Third, I was tired. I mean, tired of writing. It's a bizarre thing to say because I love to write. I loved the freedom blogging allowed to share my views with people, to clarify my own thoughts and express whatever angst, joy, fear, anger, etc I was feeling. But, I realized that I was not writing anything brilliant anymore, just linking to some stories and adding my voice to the thousands that were saying much of what I might have to say. Still, I didn't feel like new ideas or thoughts were forthcoming, but, instead, felt bogged down and unable to write anything new and interesting.
I think I was also tired of writing about the war and its ongoing blood and pain. I still support it, believe we are taking the general right actions and feel that it is a matter of time that we must allow for the outcome to be as expected. However, I was so deep into it that I started losing perspective which contributed to my difficulty in writing anything significant.
So I took an unplanned, unannounced sabatical and have probably lost a number of readers (if not all). I'm not sure if this message actually means anything or has anyone to read it.
I'm not sure if this means I'm back or not.
Looking at the news lately, it seems that the media is still waiting with bated breath for all out civil war to happen in Iraq. Of course, they've been announcing it since the 2005 Iraq elections. It seems as along as people kill each other in Iraq for various reasons, they will keep waiting for the other shoe to drop. The problem is the problem that the media has had for quite awhile: lack of accurate reporting and analytical ability.
There are still days when I wonder if we shouldn't have bombed the place back to the stone age, then there are others when I realize that it wasn't really necessary; it was already a bizarre land of extremes with stone age inhabitants (or, at least people who haven't changed their way of life significantly for a millenia) and people who were living in Stalinesque modernity.

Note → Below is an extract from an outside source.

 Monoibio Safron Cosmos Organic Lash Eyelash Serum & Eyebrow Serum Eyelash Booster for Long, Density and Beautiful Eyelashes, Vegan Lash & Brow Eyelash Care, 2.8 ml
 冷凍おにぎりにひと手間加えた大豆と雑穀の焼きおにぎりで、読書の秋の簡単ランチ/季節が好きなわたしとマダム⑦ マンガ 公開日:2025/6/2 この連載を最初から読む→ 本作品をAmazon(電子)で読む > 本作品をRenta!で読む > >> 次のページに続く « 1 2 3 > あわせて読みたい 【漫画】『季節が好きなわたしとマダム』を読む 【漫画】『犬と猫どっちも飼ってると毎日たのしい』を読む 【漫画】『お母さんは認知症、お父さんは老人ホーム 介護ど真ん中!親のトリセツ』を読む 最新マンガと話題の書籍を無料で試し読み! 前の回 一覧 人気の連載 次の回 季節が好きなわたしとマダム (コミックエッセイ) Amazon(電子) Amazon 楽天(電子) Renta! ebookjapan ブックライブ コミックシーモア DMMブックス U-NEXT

I don't believe it was ever more troops that we needed, but, to change the current outcome, it would have required many more deaths of Iraqis from Berlin like bombing. Fortunately for us, we didn't have to do it ourselves. It appears that these folks are quite capable of killing each other without the presence of a brutal dictator. It's sad, really and I think that sadness just seemed too overwhelming for me for a few weeks. It's hard to believe that some people are willing to kill each other in the name of religion or whatever else they feel the need to kill each other over.
This same sense of despair must have been what overcame the anti-war people. They haven't changed a thing.

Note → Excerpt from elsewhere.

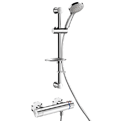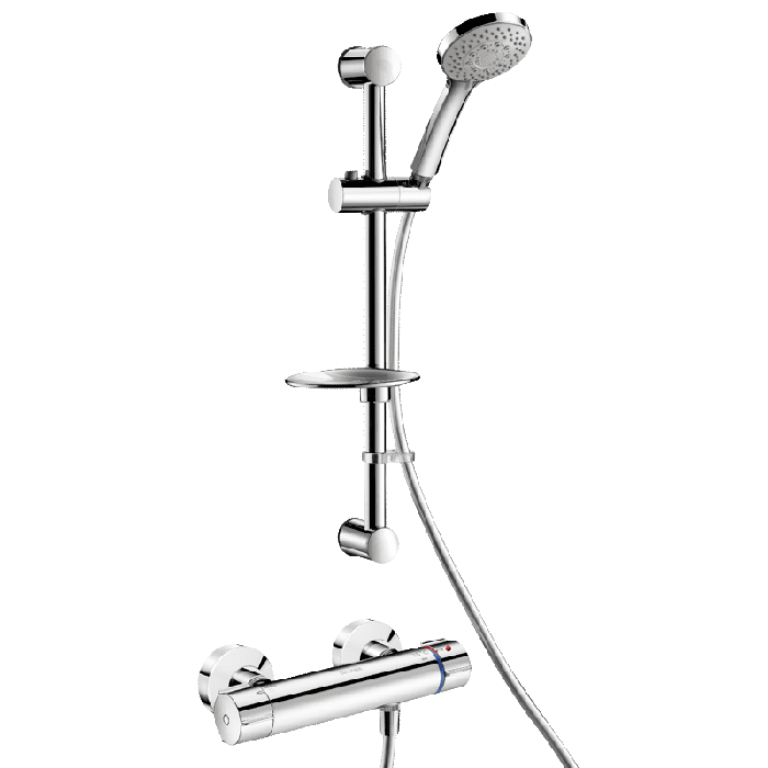 Dušas stāvvada sliede ar dubultās vadības termostata dušas maisītāju. Dušas komplekts ar SECURITHERM termostatisko dušas maisītāju. Termostatiskais maisītājs bez pretvārstiem uz ieplūdes atverēm (samazināta baktēriju vairošanās). Nav šķērsplūsmas riska starp karsto un auksto ūdeni. Mikseris ar pretpiedeguma drošumu: automātiski izslēdzas, ja aukstā ūdens padeve neizdodas. Novērš aukstu dušu: automātiski izslēdzas, ja karstā ūdens padeve neizdodas. Securitouch siltumizolācija novērš apdegumus. No kaļķakmens izturīga termostata kasetne temperatūras regulēšanai. ¼ pagrieziena keramikas galva plūsmas ātruma regulēšanai. Temperatūras kontrole līdz 43°C. Dubultais temperatūras ierobežotājs: 1. ierobežotājs, kas iestatīts uz 41°C, var tikt ignorēts, 2. ierobežotājs iestatīts uz 43°C. Termiskie triecieni ir iespējami, nenoņemot vadības pogu vai neizslēdzot aukstā ūdens padevi. Plūsmas ātrums ierobežots līdz 9 lpm pie 3 bāriem. Hromēts misiņa korpuss ar ergonomiskām vadības ierīcēm. M½" dušas izvads. F¾" ieplūdes atveres ar integrētiem filtriem. Mikseris tiek piegādāts ar nobīdītiem standarta sienas savienotājiem M½" M¾". • Bīdāms dušas galvas turētājs (atsauce 813) uz hromētas stāvvada sliedes (atsauce 821) ar ziepju trauku un elastīgu šļūteni (atsauce 836T1). • Dušas galvas stiprinājuma apkakle (830. atsauce). Mikseris ideāli piemērots veselības aprūpes iestādēm, pansionātiem un aprūpes namiem, slimnīcām un klīnikām. Mikseris piemērots cilvēkiem ar kustību traucējumiem. Dušas komplekts ar 10 gadu garantiju.

I think I was also sick of the partisan crap that continues on in the face of the war when it is obvious that our two choices were to sit back and take the hits on the chin, occasionally capturing terrorists or take the war to the enemy, whoever and wherever that might be. I'm still surprised that people don't get Iraq.
There are days, though, when I feel like we are like water against a stone. We know we are eroding the stone a little at a time, but it's often not visible to the naked eye. In this case, I believe we've made leaps and bounds on occasion while similarly looking at the stone and seeing no visible change. It's hard to accustom yourself to the thought that real change won't be seen for a decade or more. It wil inevitably change because of globalization. It can't be stopped anymore than a stone can stop itself from being shaped by the running water.

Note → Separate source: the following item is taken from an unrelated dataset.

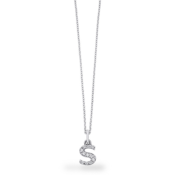Reflect your fun and playful personality in your jewelry with this sweet and charming initial necklace. This diamond baby block initial "S" necklace contains 11 gorgeous 09 diamonds that sparkle and shine in the light. It is perfect for a Sadie, Sarah or Sharon with sophistication and style. This necklace is shown here in 14K white gold.
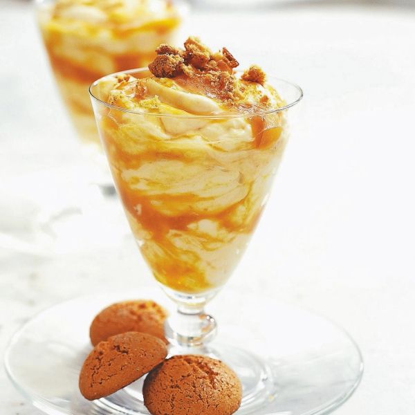 Postrežne kozarce do polovice nadevamo z jogurtovo mešanico, nato dodamo kaki in z dolgo žlico pazljivo premešamo tako, da ustvarimo vrtince. Če sladice ne bomo pojedli takoj, jo shranimo v hladilnik. Tik preden jo postrežemo, po vrhu posujemo z nadrobljenimi piškoti.

But, we're going to suffer the pangs of this change for years and that is something we are just not good at. Thus, our efforts will ebb and flow and the change will be longer than necessary. People will die. It's inevitable. But people will change.
So will we. That's inevitable, too.
That's where I'm at. I'm in the middle of changing my life. I think I'm on to the next phase so I may be back fairly soon.
Stay tuned.
Wednesday, March 22, 2006
Where Am I?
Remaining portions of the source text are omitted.